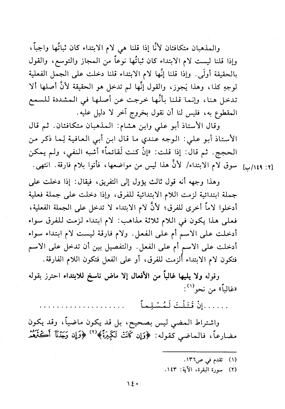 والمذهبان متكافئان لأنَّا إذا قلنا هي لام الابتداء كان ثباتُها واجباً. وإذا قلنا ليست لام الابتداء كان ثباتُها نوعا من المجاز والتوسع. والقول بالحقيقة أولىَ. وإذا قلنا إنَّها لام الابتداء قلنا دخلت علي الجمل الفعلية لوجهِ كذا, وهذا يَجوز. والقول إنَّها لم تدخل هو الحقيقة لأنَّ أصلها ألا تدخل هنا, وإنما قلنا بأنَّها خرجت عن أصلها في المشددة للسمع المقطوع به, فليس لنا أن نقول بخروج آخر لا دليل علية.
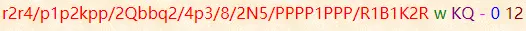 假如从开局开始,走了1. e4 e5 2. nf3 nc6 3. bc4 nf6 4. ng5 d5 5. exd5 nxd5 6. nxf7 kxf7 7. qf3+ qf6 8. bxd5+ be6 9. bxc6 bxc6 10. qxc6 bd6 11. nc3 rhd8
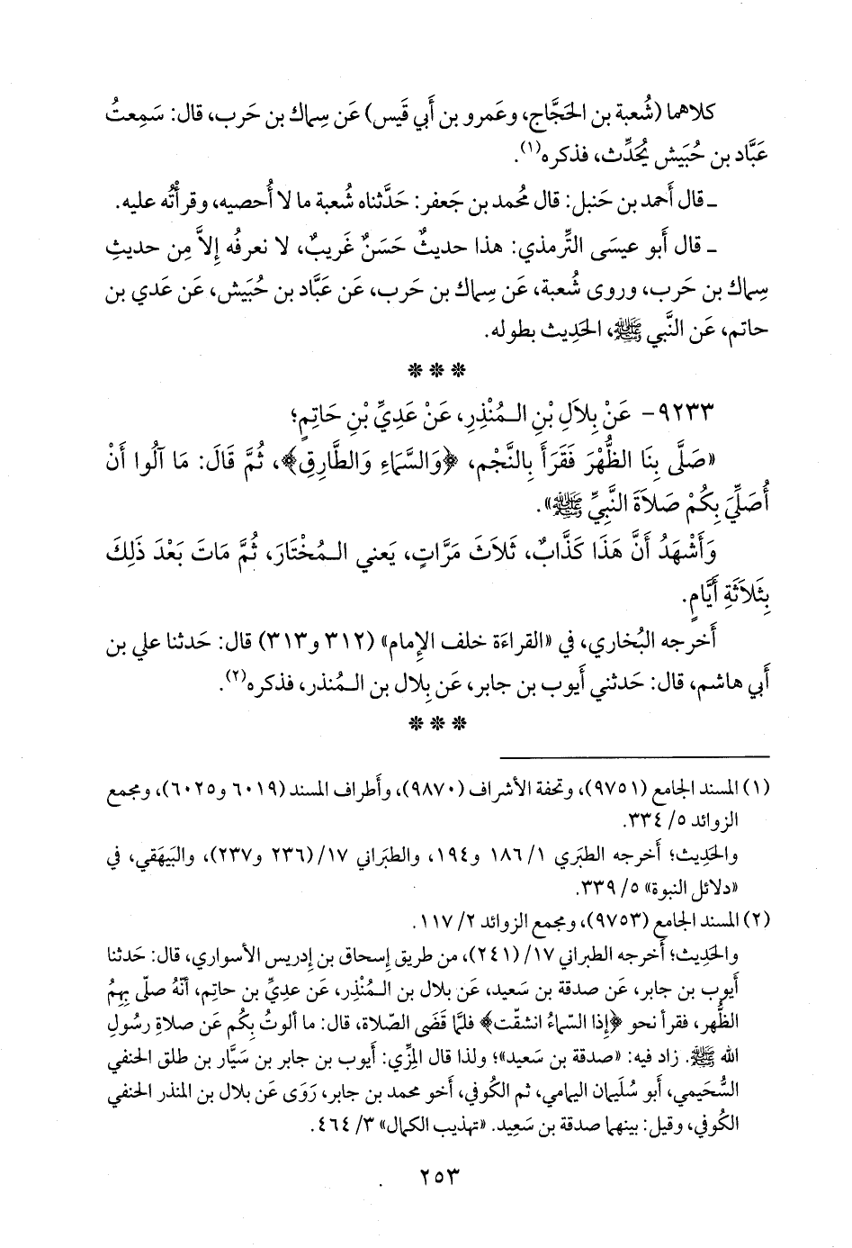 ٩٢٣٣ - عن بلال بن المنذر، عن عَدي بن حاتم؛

==

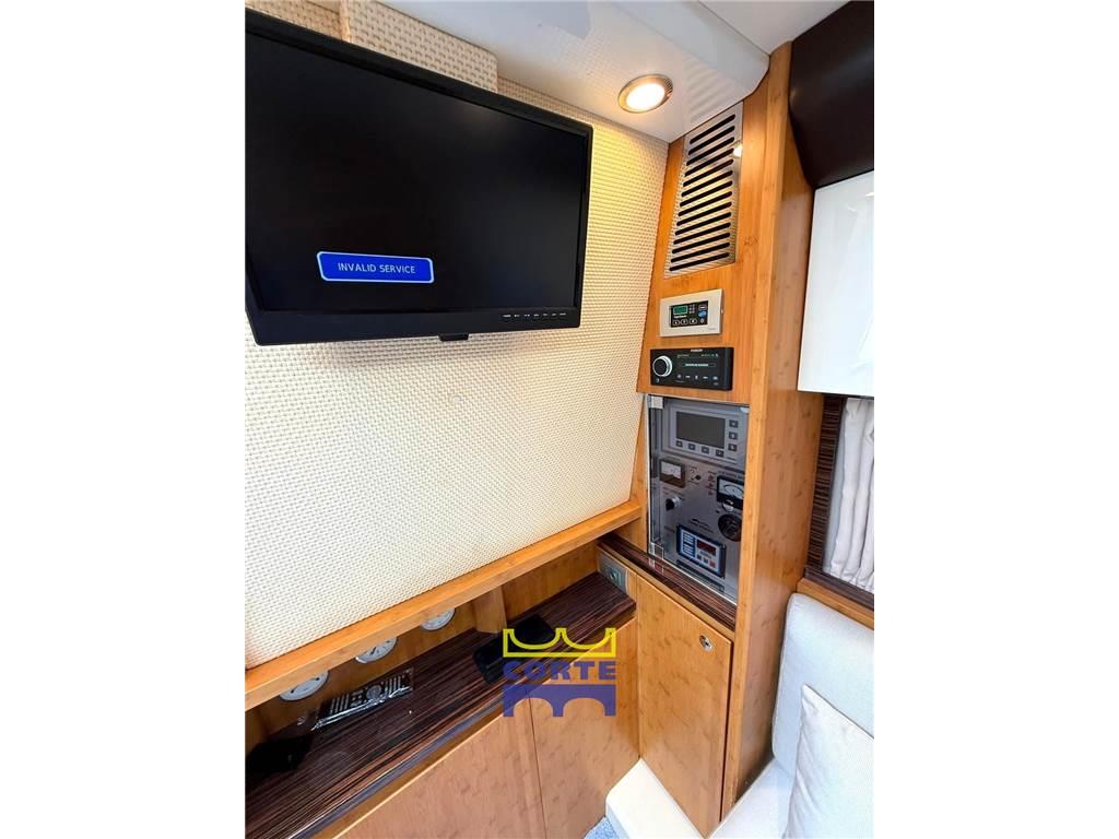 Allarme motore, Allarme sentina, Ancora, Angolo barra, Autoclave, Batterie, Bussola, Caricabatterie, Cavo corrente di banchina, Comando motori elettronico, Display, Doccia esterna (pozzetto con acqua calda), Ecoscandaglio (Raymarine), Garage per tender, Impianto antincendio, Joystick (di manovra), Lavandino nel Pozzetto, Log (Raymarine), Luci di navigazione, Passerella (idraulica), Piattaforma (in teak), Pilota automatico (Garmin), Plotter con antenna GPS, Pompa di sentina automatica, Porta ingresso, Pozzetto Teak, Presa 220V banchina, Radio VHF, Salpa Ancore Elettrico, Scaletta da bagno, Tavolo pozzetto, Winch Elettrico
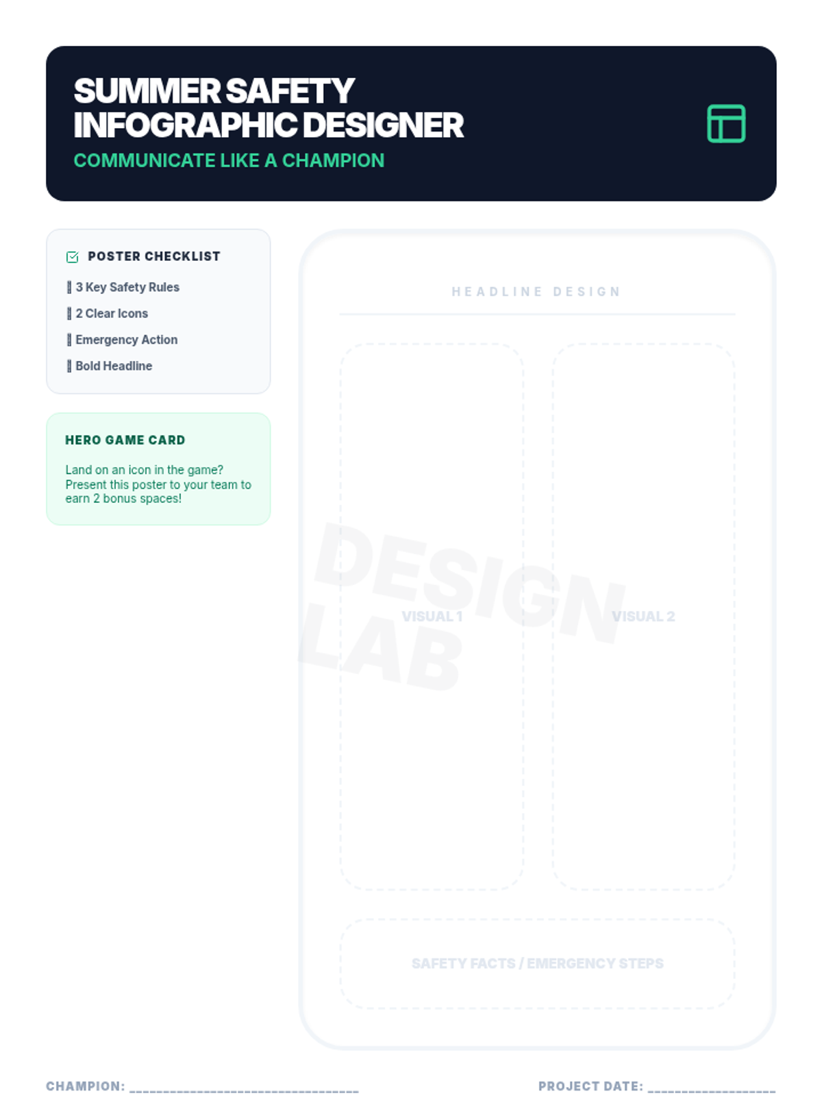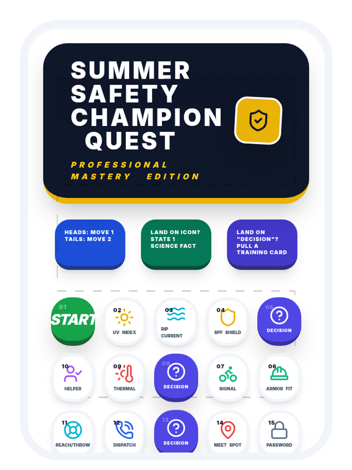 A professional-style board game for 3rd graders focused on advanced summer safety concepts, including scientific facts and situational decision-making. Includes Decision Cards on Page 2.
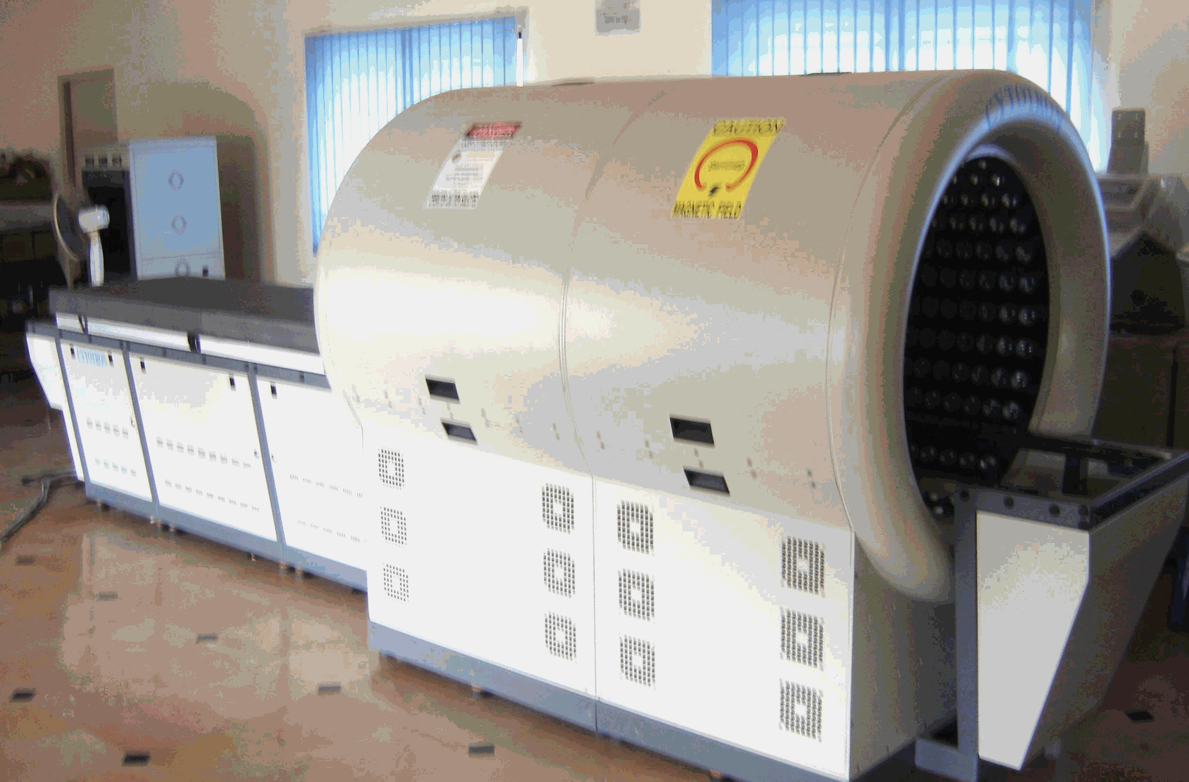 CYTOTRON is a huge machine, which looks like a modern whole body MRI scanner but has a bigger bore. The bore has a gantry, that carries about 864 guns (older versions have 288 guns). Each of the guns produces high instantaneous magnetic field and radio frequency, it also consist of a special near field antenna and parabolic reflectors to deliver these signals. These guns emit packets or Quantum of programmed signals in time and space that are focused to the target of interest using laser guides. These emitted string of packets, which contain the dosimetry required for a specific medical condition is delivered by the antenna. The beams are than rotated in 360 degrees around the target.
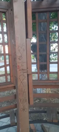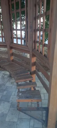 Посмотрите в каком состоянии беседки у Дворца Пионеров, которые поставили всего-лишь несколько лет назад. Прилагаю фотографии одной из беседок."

▶ [Instructions to follow]: In the records above, everything from the line with "والمذهبان متكافئان لأنَّا" down to the line with "٩٢٣٣ - عن بلال بن المنذر، عن عَدي بن حاتم؛" is to be set down exactly, both ends included, with no pictures and no other lines.

▶ [Task response]:
 والمذهبان متكافئان لأنَّا إذا قلنا هي لام الابتداء كان ثباتُها واجباً. وإذا قلنا ليست لام الابتداء كان ثباتُها نوعا من المجاز والتوسع. والقول بالحقيقة أولىَ. وإذا قلنا إنَّها لام الابتداء قلنا دخلت علي الجمل الفعلية لوجهِ كذا, وهذا يَجوز. والقول إنَّها لم تدخل هو الحقيقة لأنَّ أصلها ألا تدخل هنا, وإنما قلنا بأنَّها خرجت عن أصلها في المشددة للسمع المقطوع به, فليس لنا أن نقول بخروج آخر لا دليل علية.
 假如从开局开始,走了1. e4 e5 2. nf3 nc6 3. bc4 nf6 4. ng5 d5 5. exd5 nxd5 6. nxf7 kxf7 7. qf3+ qf6 8. bxd5+ be6 9. bxc6 bxc6 10. qxc6 bd6 11. nc3 rhd8
 ٩٢٣٣ - عن بلال بن المنذر، عن عَدي بن حاتم؛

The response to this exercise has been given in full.